When I first looked at the hand (knowing declarers had made 4, 5 and 6 on it), I figured declarer should lose a heart, a diamond and a club -- and looked to see how defenders had allowed those extra tricks. Sometimes I'm surprised by a squeeze and sometimes there are other plays that escaped my cursory look, as happened here. For declarer here has indeed a play for plus 5 on that Q of hearts lead. The 9 and 8 look awfully appealing when the Q, K, A and 10 all go on trick one! Declarer makes five, of course, sluffing a diamond on the 9, letting West have it with the J, a loser he always has anyway, and then using the 8 to sluff a club.

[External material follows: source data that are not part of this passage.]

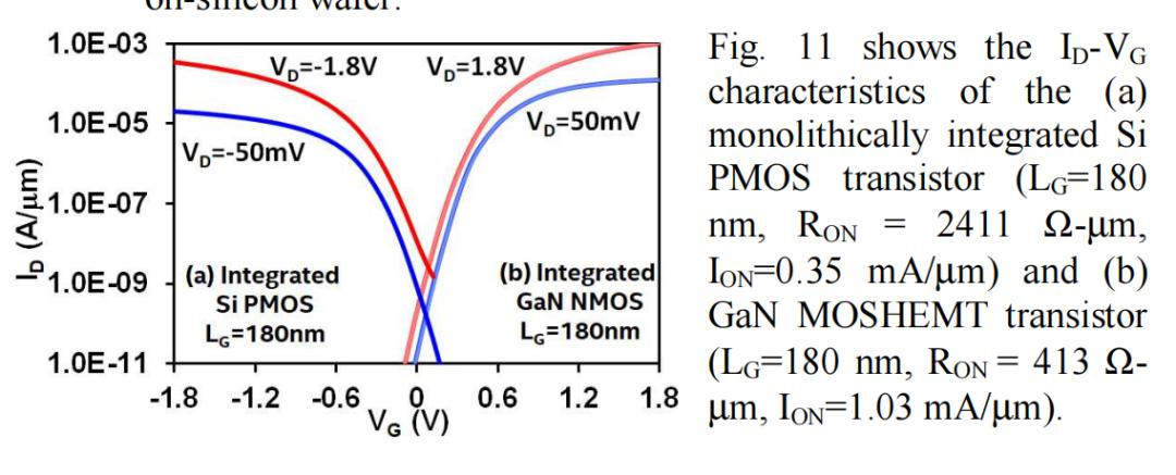 图11为单片集成Si PMOS晶体管(LG=180 nm,RON=2411 Ω-µm,ION=0.35 mA/µm)和GaN MOSHEMT晶体管(LG=180 nm,RON=413 Ω-µm,ION=1.03 mA/µm)的ID-VG特性曲线。
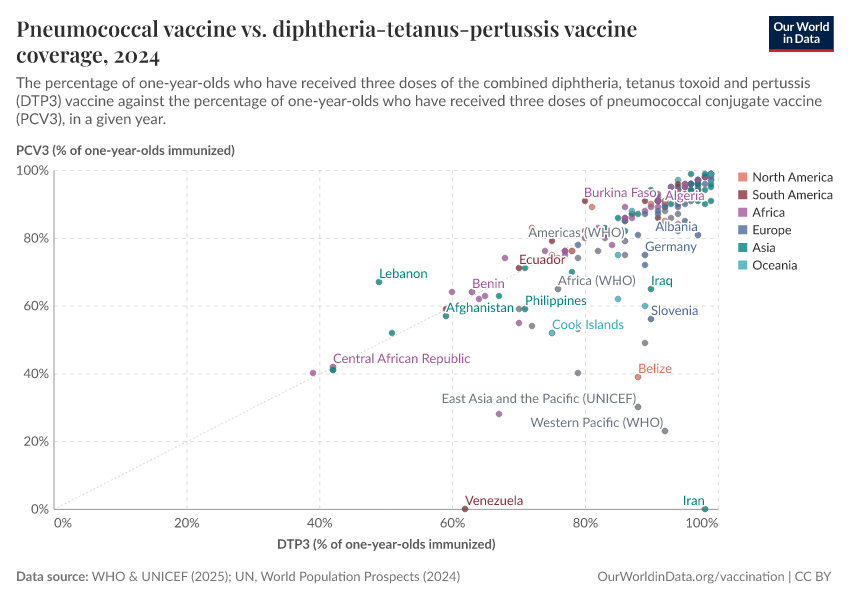 In 2021, around half of one-year-olds worldwide received the third dose of pneumococcal vaccines.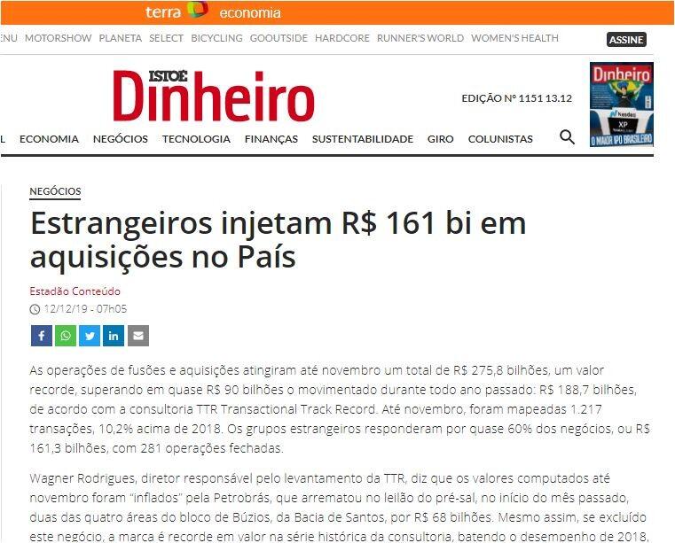 As operações de fusões e aquisições atingiram até novembro um total de R$ 275,8 bilhões, um valor recorde, superando em quase R$ 90 bilhões o movimentado durante todo ano passado: R$ 188,7 bilhões, de acordo com a consultoria TTR Transactional Track Record. Até novembro, foram mapeadas 1.217 transações, 10,2% acima de 2018. Os grupos estrangeiros responderam por quase 60% dos negócios, ou R$ 161,3 bilhões, com 281 operações fechadas.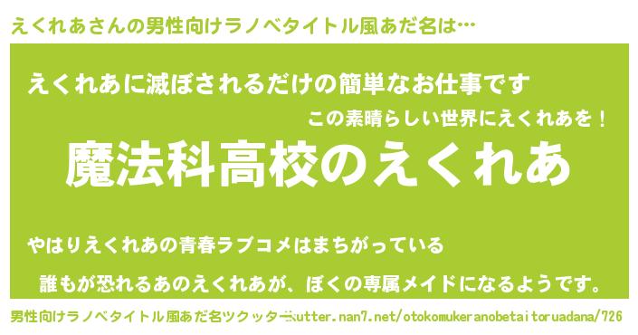 女子向けラノベタイトル風あだ名 | 『えくれあなんてお断りですっ。』 |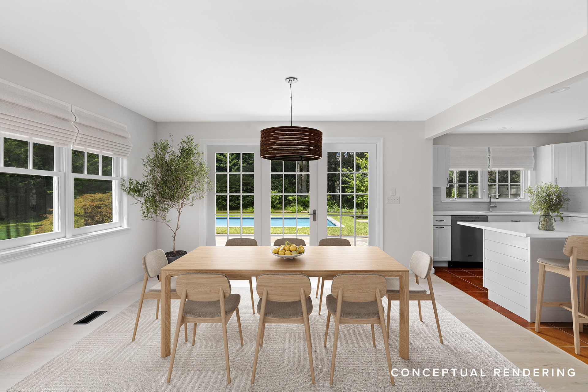 Outdoors, the home opens onto beautifully landscaped grounds anchored by a brand-new 16’ x 32’ gunite pool finished in bluestone and porcelain tile. Corner steps offer a subtle design detail, while specimen plantings surround the property to create a serene, private setting.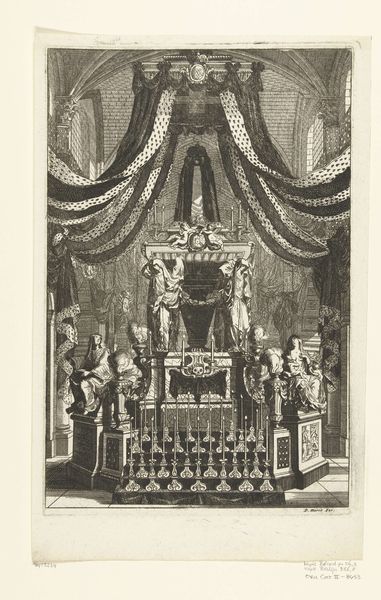 Editor: This print, "Mausoleum voor een koningin of prinses," is from before 1800 and its maker is anonymous. It’s quite striking, full of figures and symbols, but it definitely has a somber feel to it. How do you interpret the imagery? Curator: It is certainly laden with symbolism. Notice how the draped fabric mimics a proscenium arch, immediately setting a theatrical tone. But it's not simply theater; it is, as the title suggests, a constructed space of remembrance. Do you see the skulls flanking the bottom corners? They act as *memento mori*, constant reminders of mortality's presence. Editor: Yes, they're hard to miss! And the clocks just above, are they alluding to time slipping away? Curator: Precisely. Each element contributes to this complex allegory. Clocks symbolize the fleeting nature of time. Consider also the idealized figures surrounding what seems to be a portrait of the deceased. Who do you think they might be? Editor: They appear to be virtues or perhaps mourners, eternally guarding the memory of the queen or princess. Curator: That's a very astute observation. Baroque art often employs personification to give abstract ideas concrete form. It is intriguing to consider the cultural memory encoded within this print, and what it tells us about how power and loss were commemorated. What is your impression? Editor: It's powerful how all these elements combine to create such a poignant and multi-layered statement about grief, memory, and legacy. I hadn't initially grasped all the symbolic connections. Curator: Visual symbols help us navigate emotions. Understanding that allows us to better decode not just the past but how we process grief in the present, as well.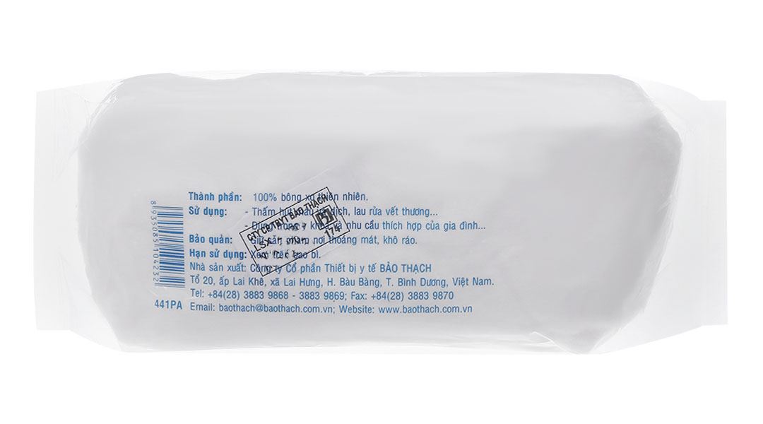 Bông gòn Bảo Thạch 50g được làm từ 100% bông tự nhiên, có sợi sơ dài và chắc chắn, nên khi sử dụng sẽ không bị đổ bụi.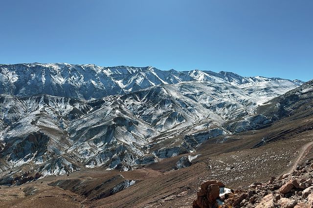 À la confluence de l’Assif Melloul et de l’Assif Ahançal, deux options se présentent : un itinéraire très sauvage, accidenté, réservé aux mollets avertis*, ou une petite route asphaltée, plus longue mais accessible, qui grimpe également pour rejoindre notre bivouac via Zaouia Ahançal. Nous passerons la soirée et la nuit derrière le col de Tizi’n’Ilissi (2?603?m), sur le plateau du haut pâturage d’Igherm’n’Talmest (2?275?m), auprès de la source.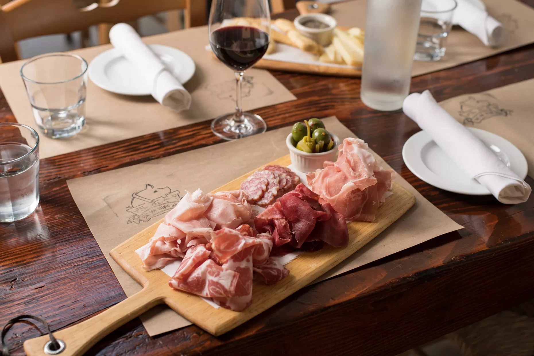 Masarin says Salumeria 104 is not only a true Italian trattoria but also a neighborhood salumi shop that offers unique cured meats and cheeses. Italian treats to-go include olives, baguettes, cheese, and plenty of salumi by the pound, including prosciutto di Parma, salame, and mortadella ($14 to $30).

To be sure, you don't really know you're gaining by sluffing a club. When you're missing the K 10 9 8 7 in a 3-3 suit and hold a J or Q is opposite the ace, you'll probably (though not necessarily) have a loser in the suit regardless of where the K lies. The problem is, you don't know if you have a first-round loser on an offsides king or a third-round on an onsides cover of an honor. Obviously it wouldn't help declarer any to sluff a club if he's got a first-round loser. But then, he isn't hurt letting West capture his low diamond with his last heart honor and may be helped by an onsides king and the value of sluffing a club to avoid the third round. And he would have been.
Some declarers were missing that, covering the Q, then ruffing the heart continuation. Well, you've always got a diamond loser, man. Why not discard that -- and look at what you have left? Which is the highest danged heart left in play! Even if it is only the 9. Another declarer kicked away his chance by not covering the Q. A continuation would presumably have been covered, allowing declarer the high heart on which to sluff a diamond, which is just as good as covering the first round as outlined. The problem was that West now shifted to a diamond, and declarer can't promote a heart winner on his own.
But the category here is keeping the same number as dummy (not an inviolate rule, but like second hand low, etc., a good idea to be abandoned only for a positive reason). And it was a little interesting because defenders on both sides of the table abandoned that maxim at their cost.
Here's a declarer making six: A diamond opening lead, the J, taken by the ace, three rounds of trump then being run. The 10 of hearts is covered successively by the J, K and A. Declarer ruffs the heart continuation! I mean, this is the one who makes six, now, so the defense must have screwed up royally when declarer missed that opportunity. And did. A low club now brought the K from West! It's hard to understand. You'd think a novice would know better than to give up the king without a fight, particularly when I think of how many average players are loathe to give up their king on a (necessary) cover. Here West gets nothing. Well, that allows declarer to escape a club loser, but what about the diamond? And the answer is . . . that though East doesn't hold the high heart and couldn't use the one he has unless he gets the lead (declarer had ruffed out dummy's last heart) and that the only way to get the lead lay in diamonds and that his partner's J of diamonds opening lead gave East the Q 9 tenace over the 10 which he should have been watching from trick 1, he sluffed a diamond on the last round of trump and then another diamond on the third round of clubs! -- all this to hold onto that danged 7 of hearts -- and the 3 of diamonds won declarer his 12th trick.
Now from the other side of the table: A double violation of that maxim. Opening lead the Q of hearts, covered and won by East and a heart continuation was ruffed by declarer. So he missed a chance to develop an 11th winner and could easily have been held to 10. Three rounds of trump, three rounds of diamonds, losing the third to East, of course, who continues with the Q which declarer ruffs. On those last two rounds of diamonds, West sluffs two clubs. Now on a low club lead, holding K 10, West chooses to go up with the K. Others had given up the K easily as mentioned above, but declarer can pick up the club suit on his own when West gets down to K 10, though we'll never know if he would have. Anyway, that was trick 10. At the end of 9 tricks, West had saved the J 7 of hearts in order to get down to K 10 of clubs! Dummy was then showing one heart and three clubs!
Yikes! I just realized that declarer had a squeeze there! Or would have had had West held three clubs and a heart at the end of trick 9. The record ends at trick 10. I looked to see if declarer had played the 7 of spades, and he had not. So he had three clubs and the last trump opposite three clubs and the 9 of hearts. Had West kept the same number of cards in each suit as dummy, declarer would have had him squeezed on the last trump! Well, I'm always coming across surprises like that. Whether he would have found that if West had held the same number of hearts and clubs as dummy is unlikely, which I say in view of his failure to use the 9 and 8 of hearts.
In any event, West would have done well to keep the same number of both hearts and clubs as dummy was showing. Let declarer find his chancy winners and congratulate him when he does. But you don't want to make those winners easy for him.